#### Extracted data entries:

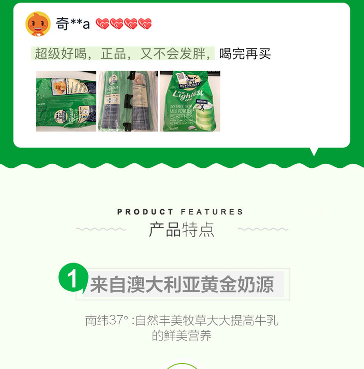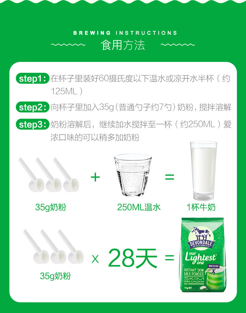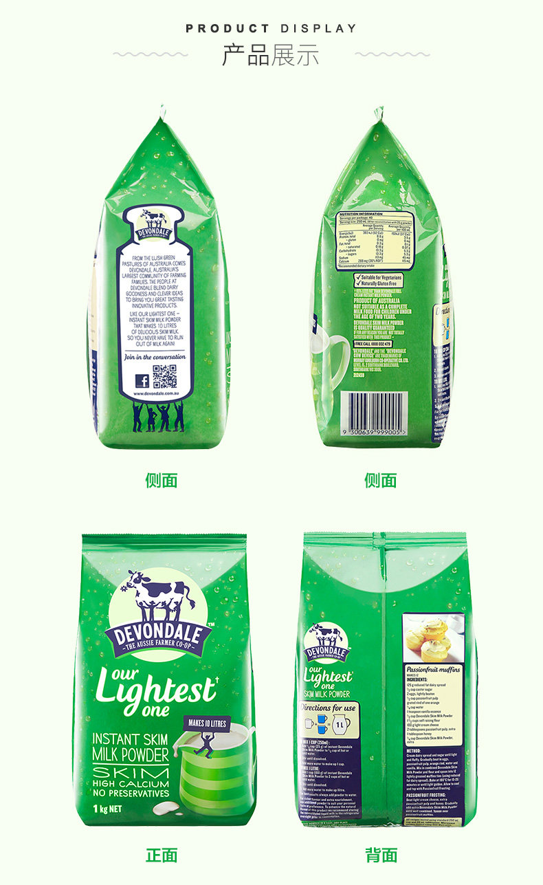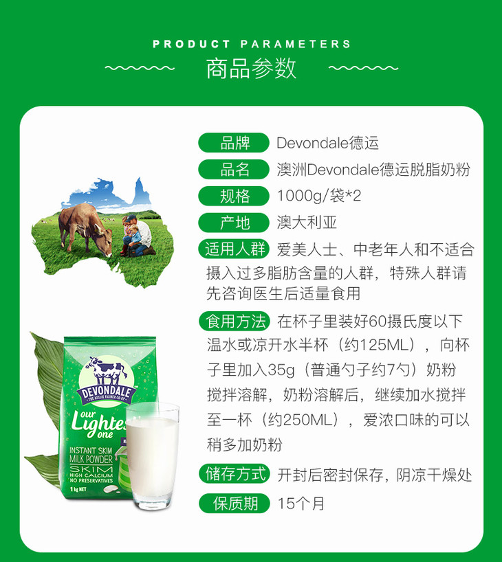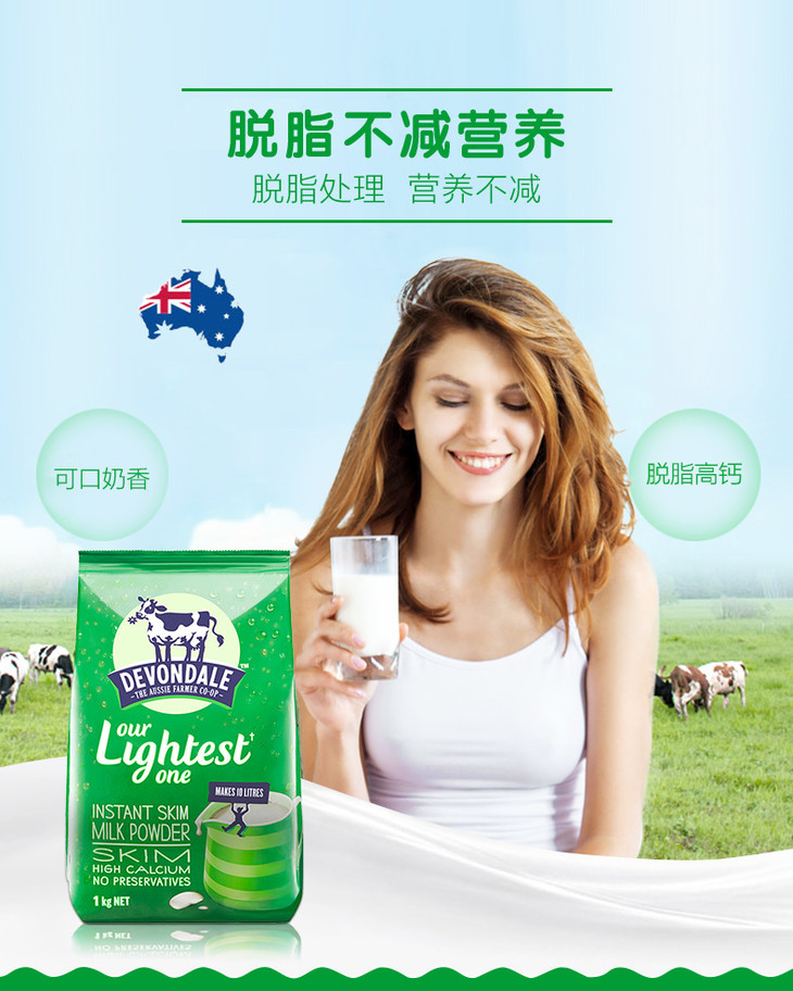 澳洲德运成人脱脂奶粉1kg
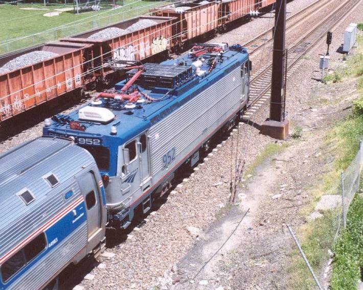 Amtrak AEM-7 940 passes Lincoln Tower. |
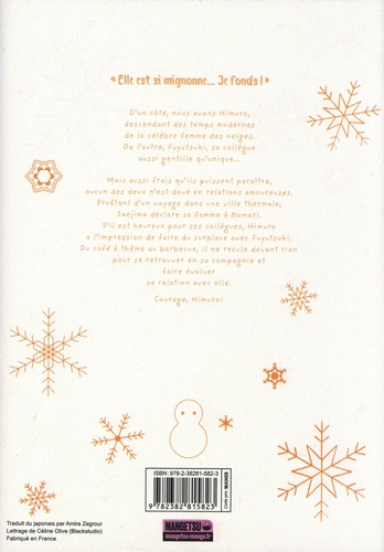"Elle est si mignonne... Je fonds ! " D'un côté, nous avons Himuro, descendant des temps modernes de la célèbre femme des neiges. De l'autre, Fuyutsuki, sa collègue aussi gentille qu'unique... Mais aussi frais qu'ils puissent paraître, aucun des deux n'est doué en relations amoureuses. Profitant d'un voyage dans une ville thermale, Saejima déclare sa flamme à Komori. S'il est heureux pour ses collègues, Himuro a l'impression de faire du surplace avec Fuyutsuki. Du café à thème au barbecue, il ne recule devant rien pour se retrouver en sa compagnie et faire évoluer sa relation avec elle. Courage, Himuro ! The Ice Guy & The Cool Girl est un manga publié originellement sur le compte Twitter de Miyuki Tonogaya. Grâce à son dessin magnifique et à ses personnages charismatiques, la mangaka nous offre une romance aussi chaleureuse que mignonne.
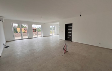 Kótaj csendes, rendezett részén kínálunk eladásra egy új építésű, önálló családi házat, amely egy 1500 m²-es, automata öntözőrendszerrel ellátott, parkosított telken helyezkedik el. A teljes térburkolás és kerítés elkészült, így az ingatlan azonnal költözhető, minden fontos elem készen áll.
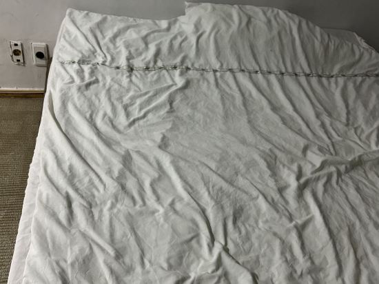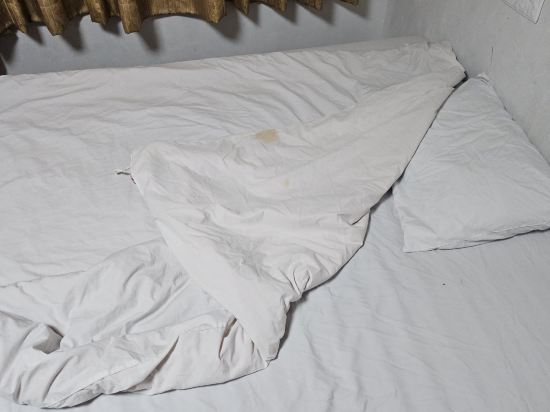 3. 하도 오래 사용해서 낡아서 닳고 찍어진 매트리스 사진인데, 저 위에 아주 얇은 천 하나가 깔려있어서, 다이소에서 비닐커튼 하나 사서 메트리스를 덮고 이불 위에서 잤어요. 다행히도 냉방이 되지 않아 이불은 덮을 필요가 없더군요.
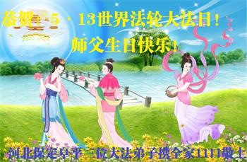 河北省保定市大法弟子恭祝师尊生日快乐!全球同贺世界法轮大法日!
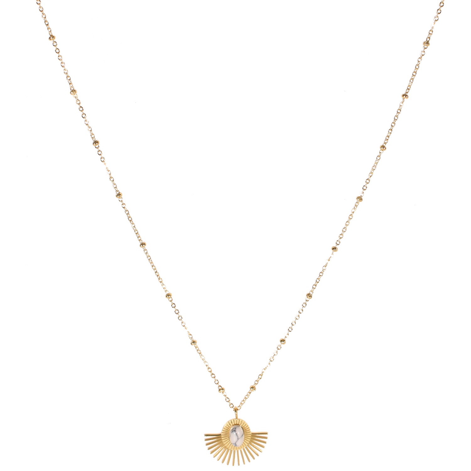 Description Collier avec pendentif en acier doré et pierre de couleur blanche. Longueur 38+7 cm [Guide des tailles] Matière(s) Acier , Rocaille . L'acier utilisé dans la bijouterie existe sous plusieurs qualités. Nous utilisons principalement la qualité 316L, qualité qui est utilisée en chirurgie. Cet acier est donc inoxydable et reste très résistant. Fermoir Mousqueton À noter Pendentif 18x15 mm Couleur(s) dominante(s) Blanc , Doré Public Adolescent , Adulte . Genre Femme , Fille . Saison Indémodable . Cliquez sur une matière, un thème, une couleur ou une collection pour voir tous les articles associés.
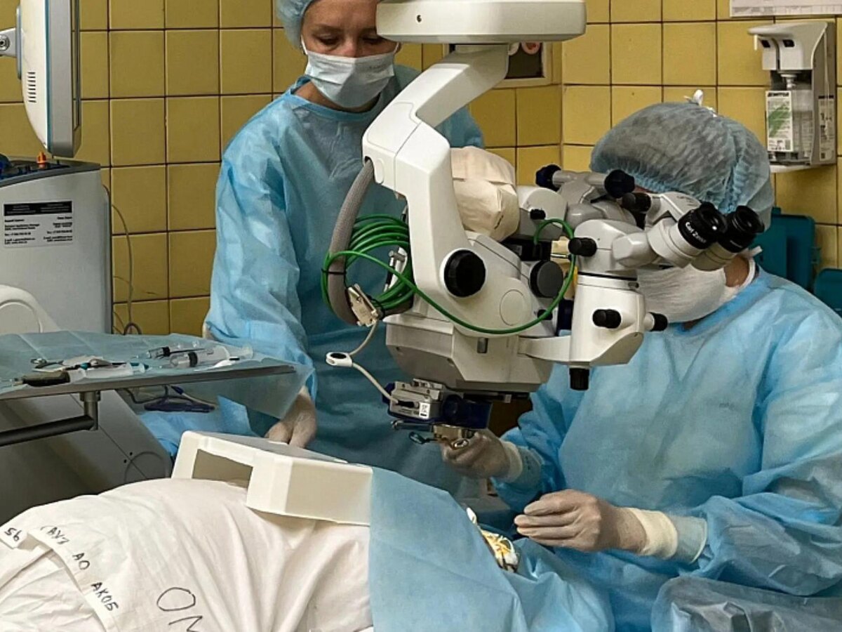 В Архангельскую клиническую офтальмологическую больницу поступил мужчина с глубоким проникающим ранением правого глаза, полученным на производстве Острота зрения составляла 0,01 и не поддавалась коррекции. На рентгенограмме в орбите обнаружили металлическую проволоку длиной 16 мм, частично выступавшую в переднюю камеру глаза. Врачи провели операцию в несколько этапов: удалили поврежденный хрусталик и заменили его искусственным, удалили стекловидное тело, извлекли инородное тело, запаяли поврежденные участки сетчатки лазером, а полость глаза заполнили силиконовым маслом. После первого этапа зрение улучшилось. Спустя месяц масло удалили через микроскопические проколы. Пациент выписан со значительным улучшением зрения. В областной офтальмологической больнице ежегодно выполняют около 300 сложных высокотехнологичных операций (при глаукоме, заболеваниях сетчатки, травматических катарактах), а также помогают детям с врожденными патологиями. В прошлом году в медучреждения Архангельска, Вельска
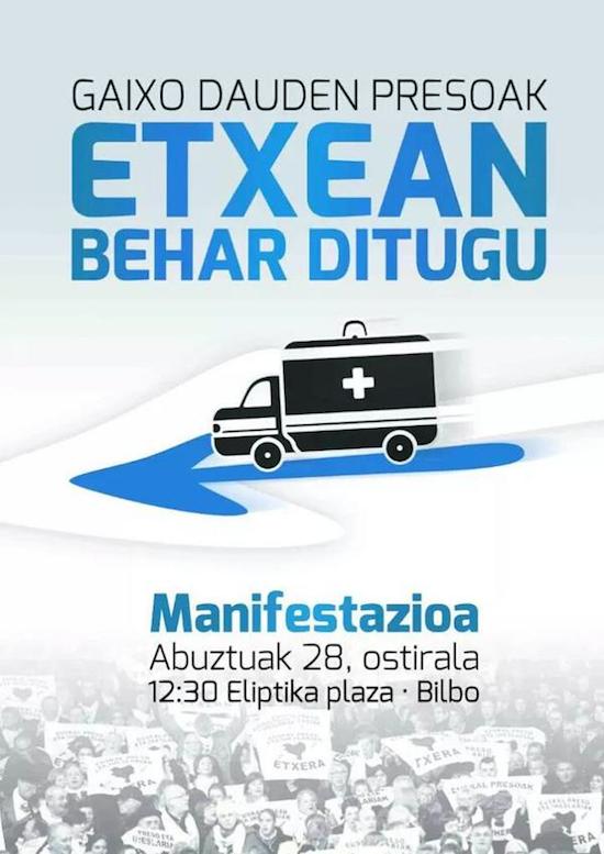 Gaixo dauden Bizkaiko euskal presoen senide eta lagunek manifestazioa antolatu dute datorren abuztuaren 28rako Bilbon. "Gaixo dauden presoak etxean behar ditugu" lelopean osasun eskubidea urratzen duen espainiar zein frantziar estatuen espetxe politika salatuko da.
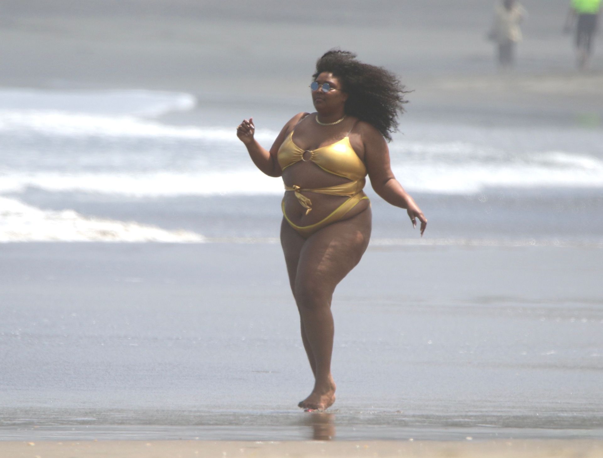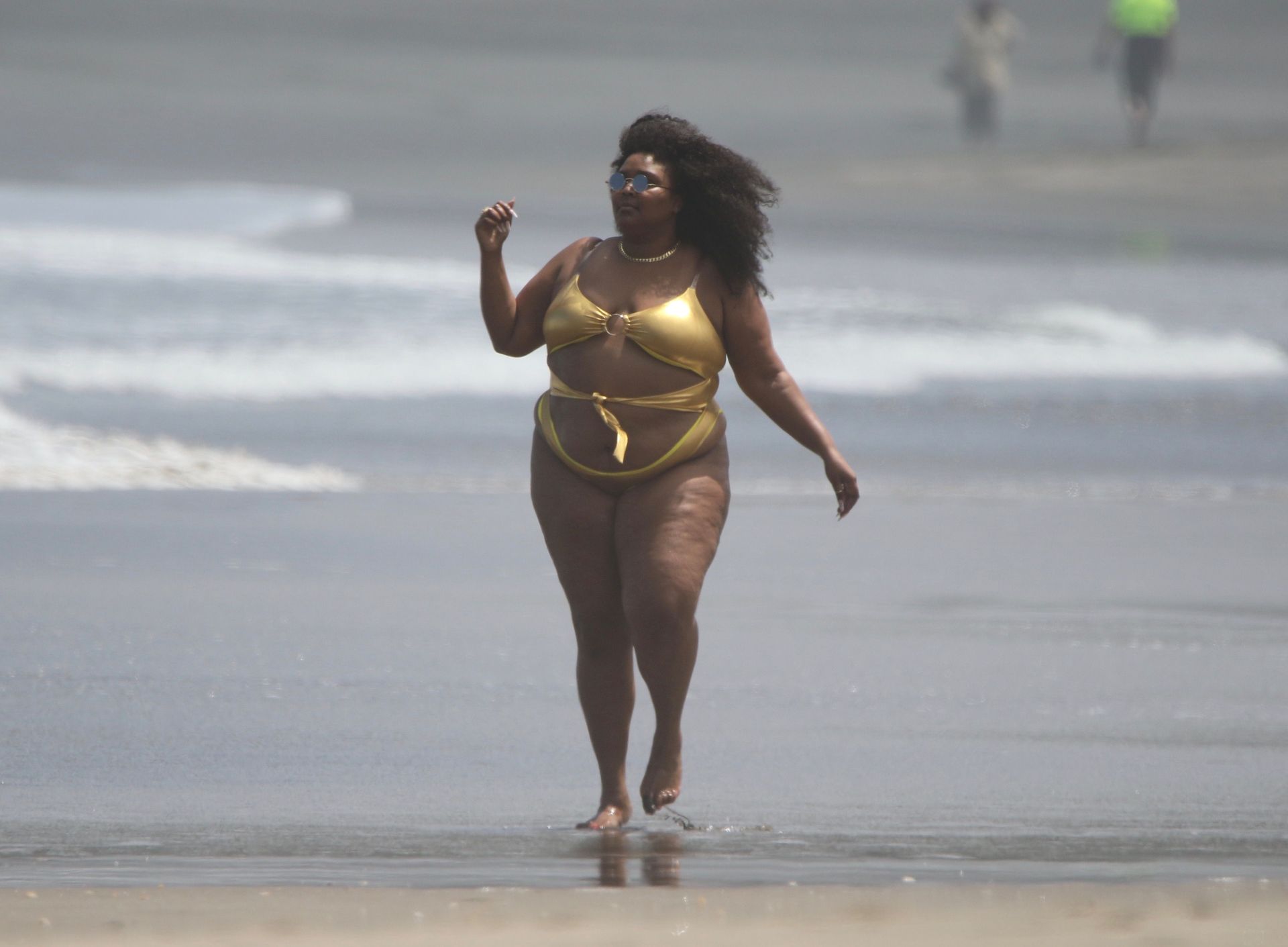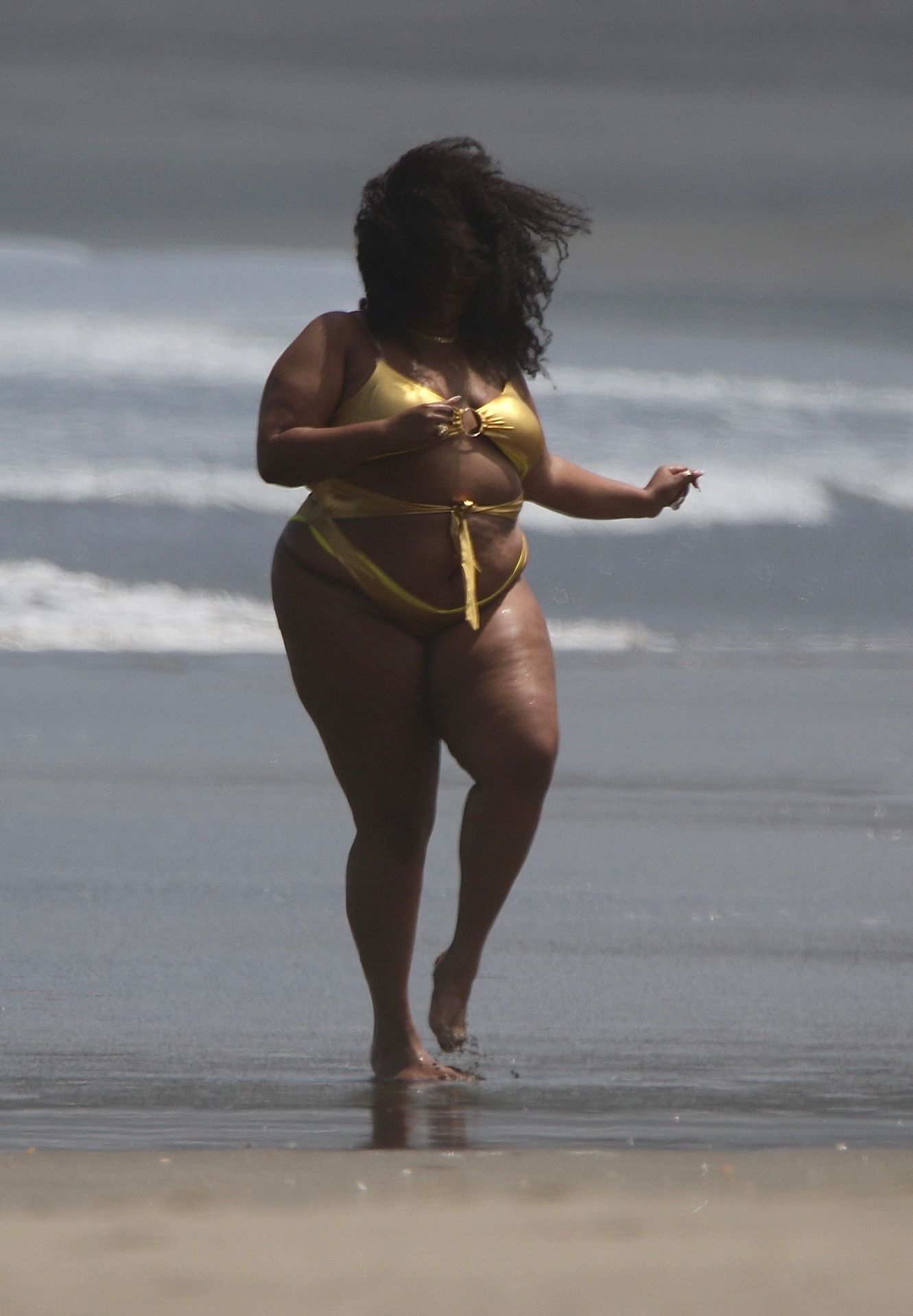Lizzo Stands Out In A Gold Bikini In Auckland 0007

#### Task to complete:
Excluding pictures, print all lines above exactly.

#### Written answer:
 澳洲德运成人脱脂奶粉1kg
 Amtrak AEM-7 940 passes Lincoln Tower. |
"Elle est si mignonne... Je fonds ! " D'un côté, nous avons Himuro, descendant des temps modernes de la célèbre femme des neiges. De l'autre, Fuyutsuki, sa collègue aussi gentille qu'unique... Mais aussi frais qu'ils puissent paraître, aucun des deux n'est doué en relations amoureuses. Profitant d'un voyage dans une ville thermale, Saejima déclare sa flamme à Komori. S'il est heureux pour ses collègues, Himuro a l'impression de faire du surplace avec Fuyutsuki. Du café à thème au barbecue, il ne recule devant rien pour se retrouver en sa compagnie et faire évoluer sa relation avec elle. Courage, Himuro ! The Ice Guy & The Cool Girl est un manga publié originellement sur le compte Twitter de Miyuki Tonogaya. Grâce à son dessin magnifique et à ses personnages charismatiques, la mangaka nous offre une romance aussi chaleureuse que mignonne.
 Kótaj csendes, rendezett részén kínálunk eladásra egy új építésű, önálló családi házat, amely egy 1500 m²-es, automata öntözőrendszerrel ellátott, parkosított telken helyezkedik el. A teljes térburkolás és kerítés elkészült, így az ingatlan azonnal költözhető, minden fontos elem készen áll.
 3. 하도 오래 사용해서 낡아서 닳고 찍어진 매트리스 사진인데, 저 위에 아주 얇은 천 하나가 깔려있어서, 다이소에서 비닐커튼 하나 사서 메트리스를 덮고 이불 위에서 잤어요. 다행히도 냉방이 되지 않아 이불은 덮을 필요가 없더군요.
 河北省保定市大法弟子恭祝师尊生日快乐!全球同贺世界法轮大法日!
 Description Collier avec pendentif en acier doré et pierre de couleur blanche. Longueur 38+7 cm [Guide des tailles] Matière(s) Acier , Rocaille . L'acier utilisé dans la bijouterie existe sous plusieurs qualités. Nous utilisons principalement la qualité 316L, qualité qui est utilisée en chirurgie. Cet acier est donc inoxydable et reste très résistant. Fermoir Mousqueton À noter Pendentif 18x15 mm Couleur(s) dominante(s) Blanc , Doré Public Adolescent , Adulte . Genre Femme , Fille . Saison Indémodable . Cliquez sur une matière, un thème, une couleur ou une collection pour voir tous les articles associés.
 В Архангельскую клиническую офтальмологическую больницу поступил мужчина с глубоким проникающим ранением правого глаза, полученным на производстве Острота зрения составляла 0,01 и не поддавалась коррекции. На рентгенограмме в орбите обнаружили металлическую проволоку длиной 16 мм, частично выступавшую в переднюю камеру глаза. Врачи провели операцию в несколько этапов: удалили поврежденный хрусталик и заменили его искусственным, удалили стекловидное тело, извлекли инородное тело, запаяли поврежденные участки сетчатки лазером, а полость глаза заполнили силиконовым маслом. После первого этапа зрение улучшилось. Спустя месяц масло удалили через микроскопические проколы. Пациент выписан со значительным улучшением зрения. В областной офтальмологической больнице ежегодно выполняют около 300 сложных высокотехнологичных операций (при глаукоме, заболеваниях сетчатки, травматических катарактах), а также помогают детям с врожденными патологиями. В прошлом году в медучреждения Архангельска, Вельска
 Gaixo dauden Bizkaiko euskal presoen senide eta lagunek manifestazioa antolatu dute datorren abuztuaren 28rako Bilbon. "Gaixo dauden presoak etxean behar ditugu" lelopean osasun eskubidea urratzen duen espainiar zein frantziar estatuen espetxe politika salatuko da.
Lizzo Stands Out In A Gold Bikini In Auckland 0007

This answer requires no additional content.